> WHAT IS BEING ASKED:
Starting with the line that has "Le 16 schede" in the records below and stopping after the line that has "Перламутровые конверты бумажные", output every line exactly and nothing else; skip pictures.
◇ ◇ ◇ ◇
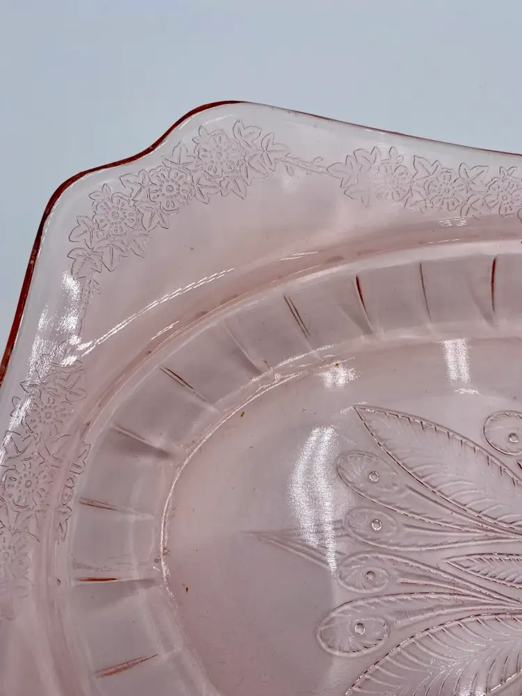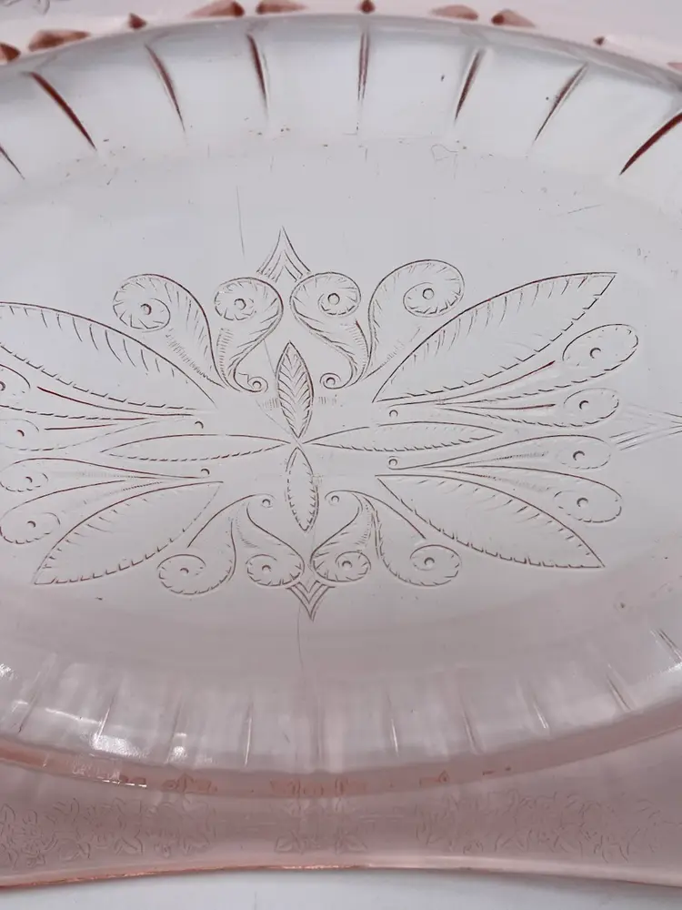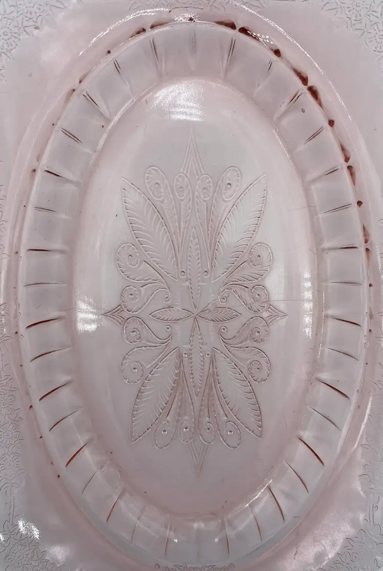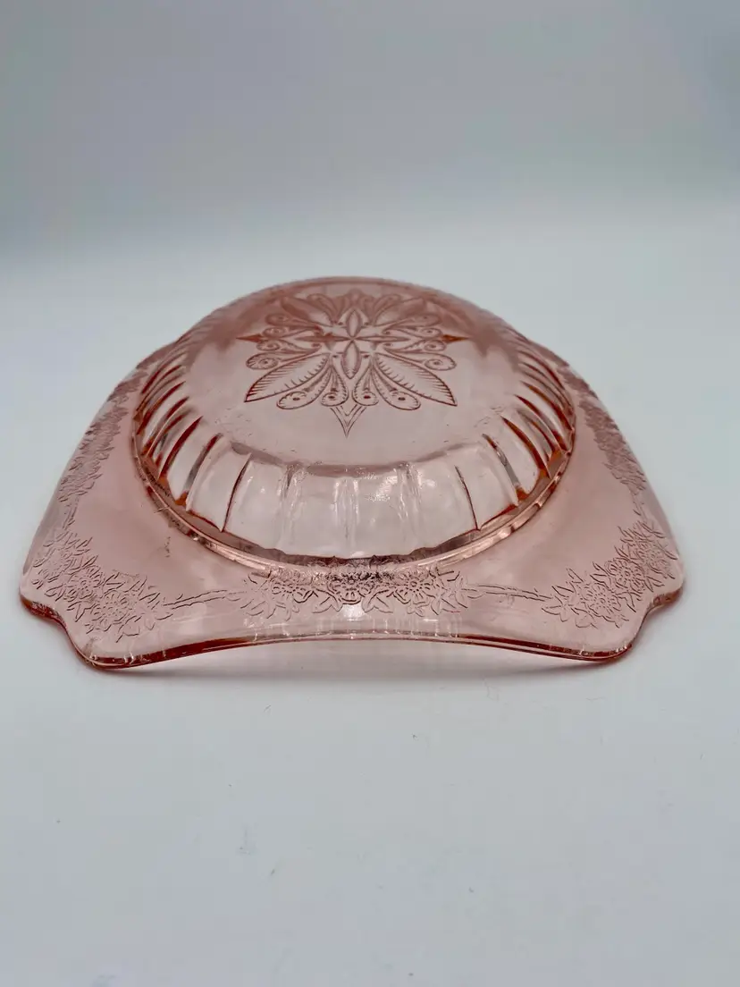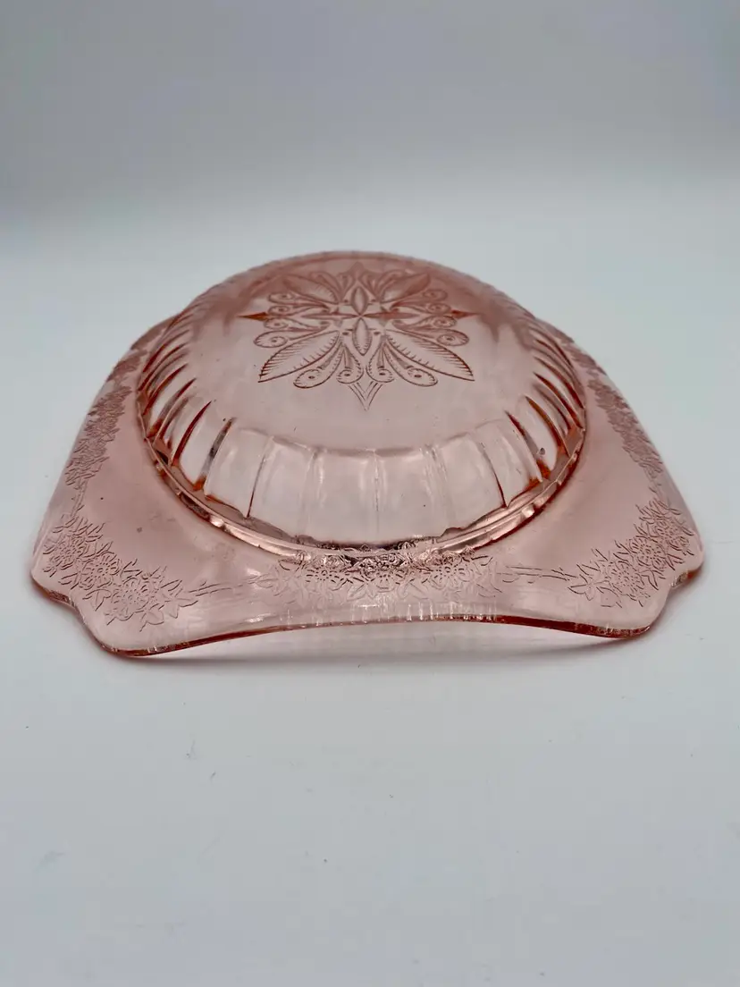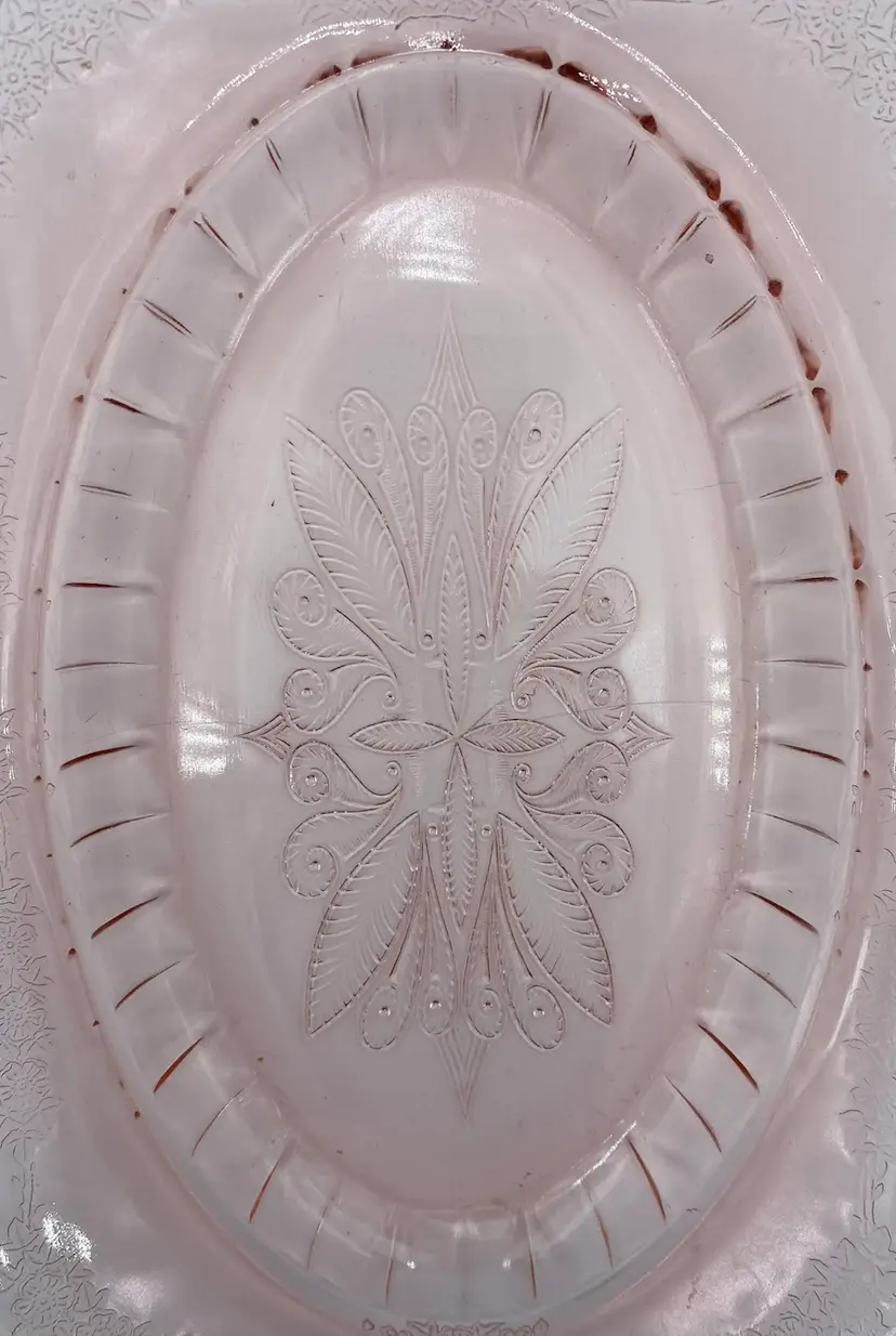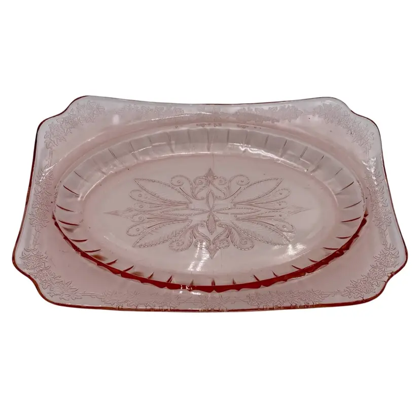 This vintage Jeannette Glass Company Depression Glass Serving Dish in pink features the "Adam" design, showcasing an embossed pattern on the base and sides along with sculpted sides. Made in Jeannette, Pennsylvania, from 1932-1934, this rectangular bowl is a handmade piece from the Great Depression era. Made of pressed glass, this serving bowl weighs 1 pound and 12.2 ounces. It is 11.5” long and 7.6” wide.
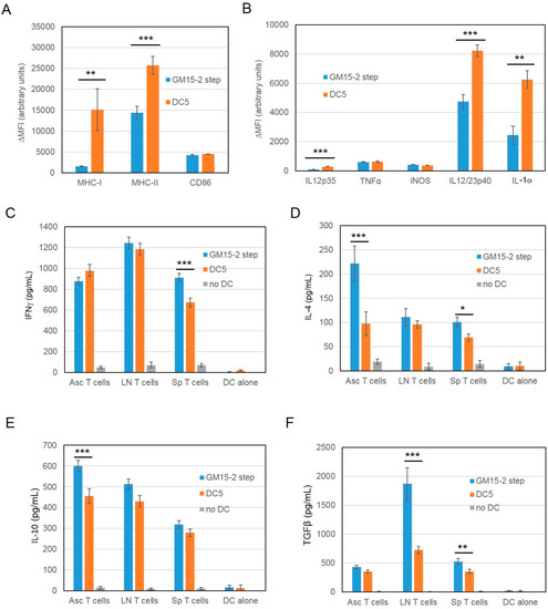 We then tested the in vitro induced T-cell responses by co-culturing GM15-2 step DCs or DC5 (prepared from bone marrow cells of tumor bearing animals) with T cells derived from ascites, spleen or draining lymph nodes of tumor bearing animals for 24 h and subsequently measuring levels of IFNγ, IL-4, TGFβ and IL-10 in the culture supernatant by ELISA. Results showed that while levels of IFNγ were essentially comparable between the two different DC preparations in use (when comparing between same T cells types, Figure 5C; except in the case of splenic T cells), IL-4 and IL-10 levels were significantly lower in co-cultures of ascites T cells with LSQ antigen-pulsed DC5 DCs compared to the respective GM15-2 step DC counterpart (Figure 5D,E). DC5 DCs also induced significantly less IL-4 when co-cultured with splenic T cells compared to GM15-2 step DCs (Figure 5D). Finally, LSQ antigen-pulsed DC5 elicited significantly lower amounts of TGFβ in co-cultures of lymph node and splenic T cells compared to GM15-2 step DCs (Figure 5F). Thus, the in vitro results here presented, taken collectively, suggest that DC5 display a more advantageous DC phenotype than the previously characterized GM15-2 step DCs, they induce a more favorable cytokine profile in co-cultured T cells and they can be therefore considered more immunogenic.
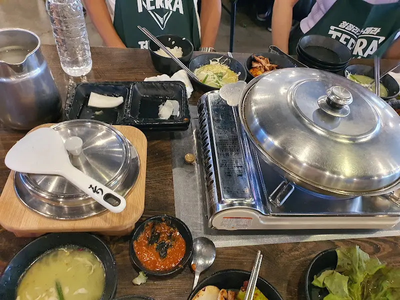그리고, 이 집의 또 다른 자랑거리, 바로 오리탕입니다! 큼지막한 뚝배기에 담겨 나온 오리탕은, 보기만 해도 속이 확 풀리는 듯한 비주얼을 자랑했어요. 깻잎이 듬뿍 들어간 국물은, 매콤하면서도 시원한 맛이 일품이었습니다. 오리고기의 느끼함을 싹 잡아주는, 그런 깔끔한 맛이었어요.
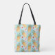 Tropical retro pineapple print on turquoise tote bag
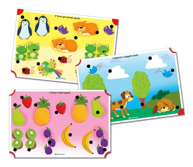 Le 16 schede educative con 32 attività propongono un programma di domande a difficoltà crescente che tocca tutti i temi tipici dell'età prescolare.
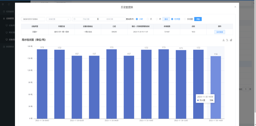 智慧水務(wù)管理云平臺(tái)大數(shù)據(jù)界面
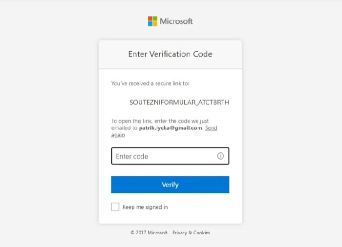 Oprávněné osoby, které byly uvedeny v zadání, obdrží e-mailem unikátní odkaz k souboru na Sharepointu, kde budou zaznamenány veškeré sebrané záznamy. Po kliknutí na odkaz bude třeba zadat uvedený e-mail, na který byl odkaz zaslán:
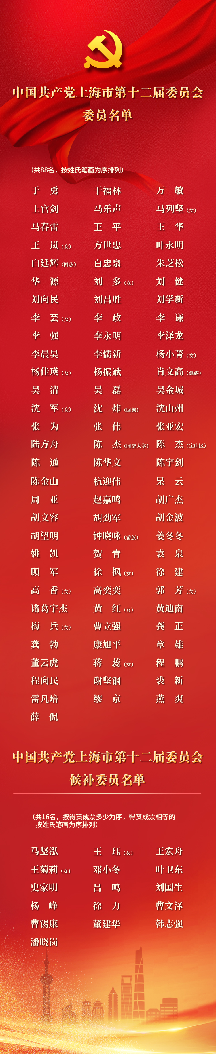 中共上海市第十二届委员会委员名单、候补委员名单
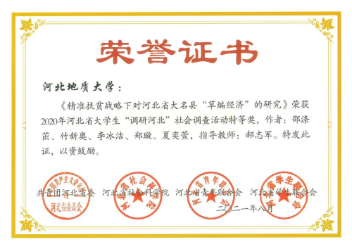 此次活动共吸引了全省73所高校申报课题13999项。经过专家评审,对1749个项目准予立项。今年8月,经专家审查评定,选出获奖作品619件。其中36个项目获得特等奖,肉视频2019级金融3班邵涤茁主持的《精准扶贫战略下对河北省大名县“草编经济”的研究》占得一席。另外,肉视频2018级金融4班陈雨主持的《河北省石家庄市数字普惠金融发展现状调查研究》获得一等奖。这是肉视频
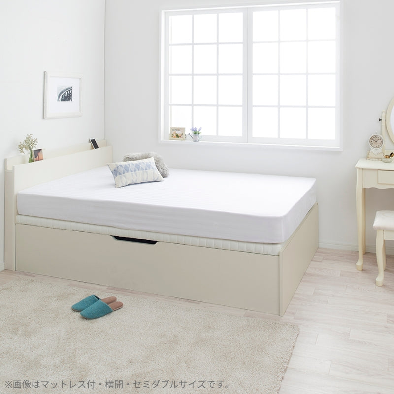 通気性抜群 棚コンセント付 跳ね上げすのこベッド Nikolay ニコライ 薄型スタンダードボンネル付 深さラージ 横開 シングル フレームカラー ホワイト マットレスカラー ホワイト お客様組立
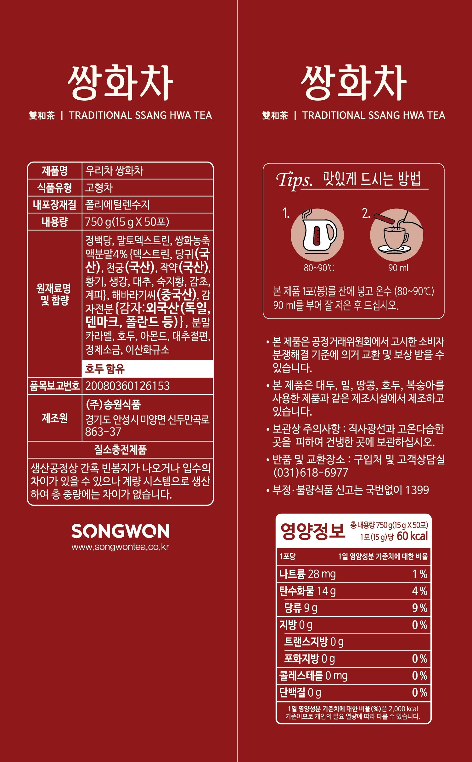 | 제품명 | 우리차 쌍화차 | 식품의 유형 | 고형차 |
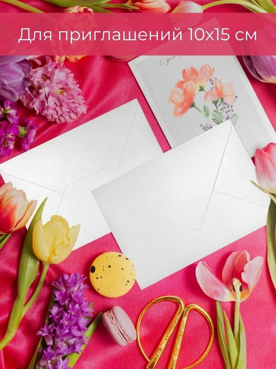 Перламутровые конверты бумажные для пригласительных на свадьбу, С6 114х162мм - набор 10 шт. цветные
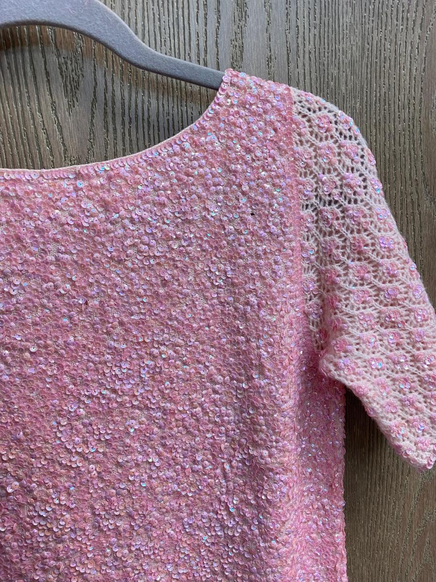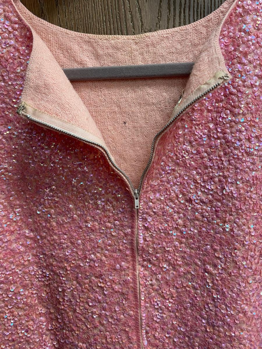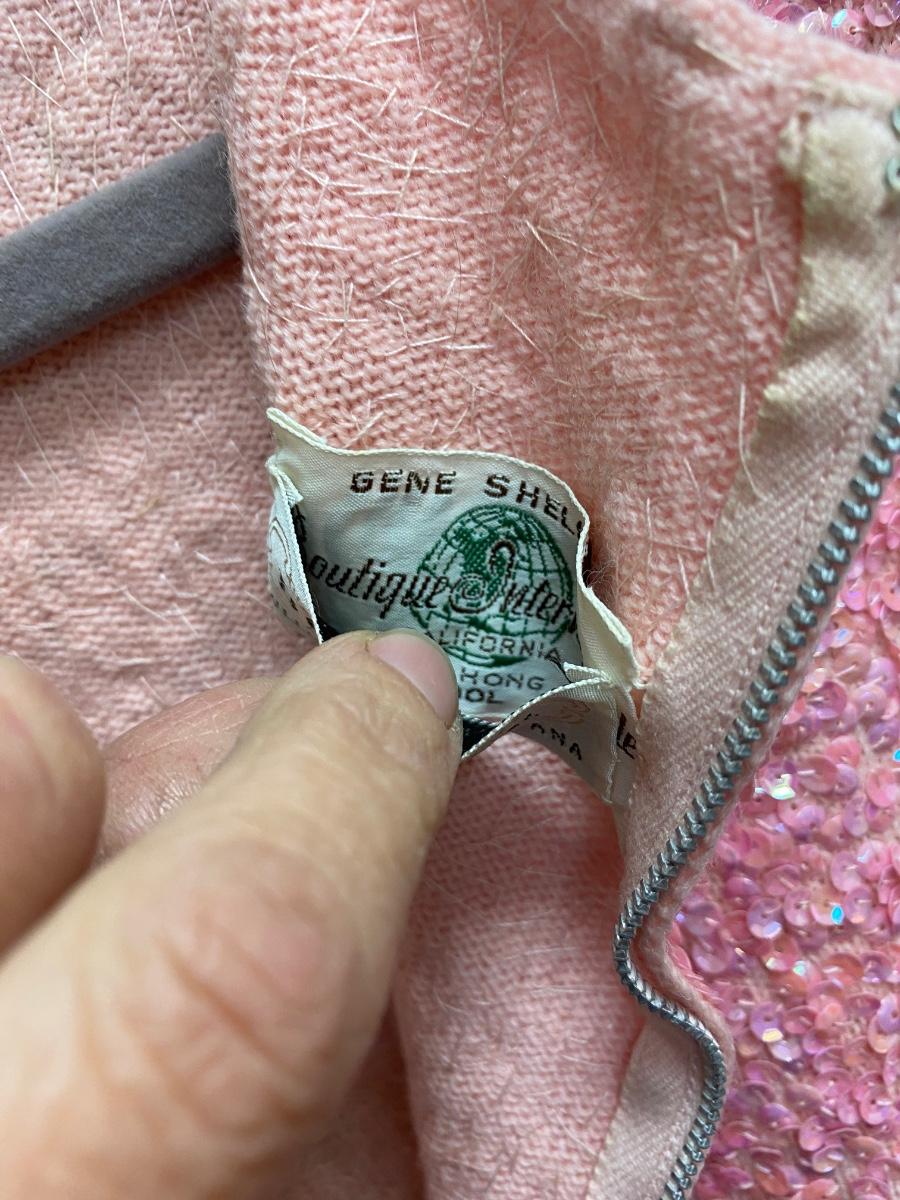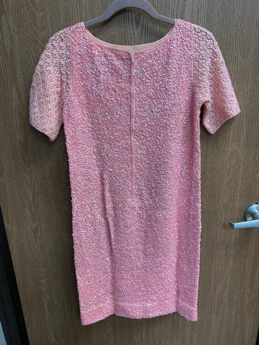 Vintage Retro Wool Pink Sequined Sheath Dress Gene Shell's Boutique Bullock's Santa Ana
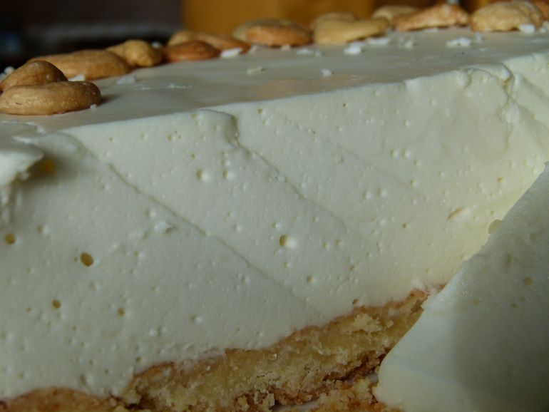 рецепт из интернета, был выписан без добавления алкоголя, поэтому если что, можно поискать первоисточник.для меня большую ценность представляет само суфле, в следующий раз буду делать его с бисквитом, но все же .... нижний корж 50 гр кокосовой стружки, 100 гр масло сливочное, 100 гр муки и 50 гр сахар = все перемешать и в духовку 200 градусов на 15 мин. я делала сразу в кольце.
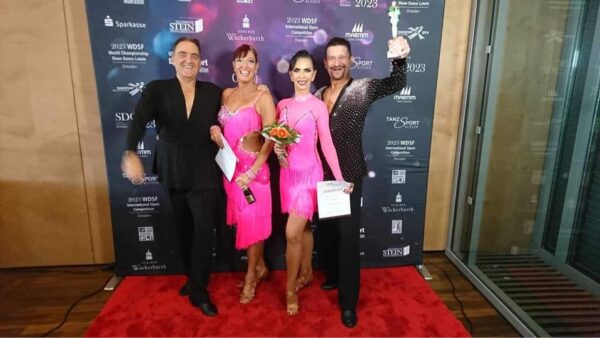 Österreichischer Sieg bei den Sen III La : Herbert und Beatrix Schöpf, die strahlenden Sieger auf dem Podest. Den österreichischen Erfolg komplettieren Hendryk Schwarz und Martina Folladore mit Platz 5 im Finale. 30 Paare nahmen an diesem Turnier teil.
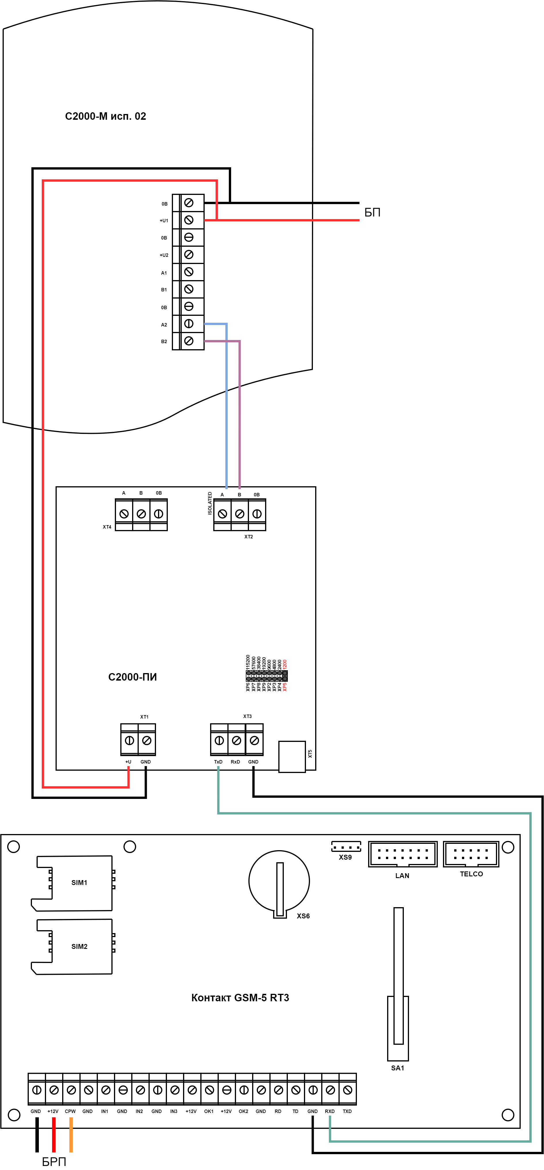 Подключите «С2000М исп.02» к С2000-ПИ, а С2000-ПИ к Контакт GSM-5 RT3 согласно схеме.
◇ ◇ ◇ ◇
> SOLUTION TO THIS PROBLEM:
 Le 16 schede educative con 32 attività propongono un programma di domande a difficoltà crescente che tocca tutti i temi tipici dell'età prescolare.
 智慧水務(wù)管理云平臺(tái)大數(shù)據(jù)界面
 Oprávněné osoby, které byly uvedeny v zadání, obdrží e-mailem unikátní odkaz k souboru na Sharepointu, kde budou zaznamenány veškeré sebrané záznamy. Po kliknutí na odkaz bude třeba zadat uvedený e-mail, na který byl odkaz zaslán:
 中共上海市第十二届委员会委员名单、候补委员名单
 此次活动共吸引了全省73所高校申报课题13999项。经过专家评审,对1749个项目准予立项。今年8月,经专家审查评定,选出获奖作品619件。其中36个项目获得特等奖,肉视频2019级金融3班邵涤茁主持的《精准扶贫战略下对河北省大名县“草编经济”的研究》占得一席。另外,肉视频2018级金融4班陈雨主持的《河北省石家庄市数字普惠金融发展现状调查研究》获得一等奖。这是肉视频
 通気性抜群 棚コンセント付 跳ね上げすのこベッド Nikolay ニコライ 薄型スタンダードボンネル付 深さラージ 横開 シングル フレームカラー ホワイト マットレスカラー ホワイト お客様組立
 | 제품명 | 우리차 쌍화차 | 식품의 유형 | 고형차 |
 Перламутровые конверты бумажные для пригласительных на свадьбу, С6 114х162мм - набор 10 шт. цветные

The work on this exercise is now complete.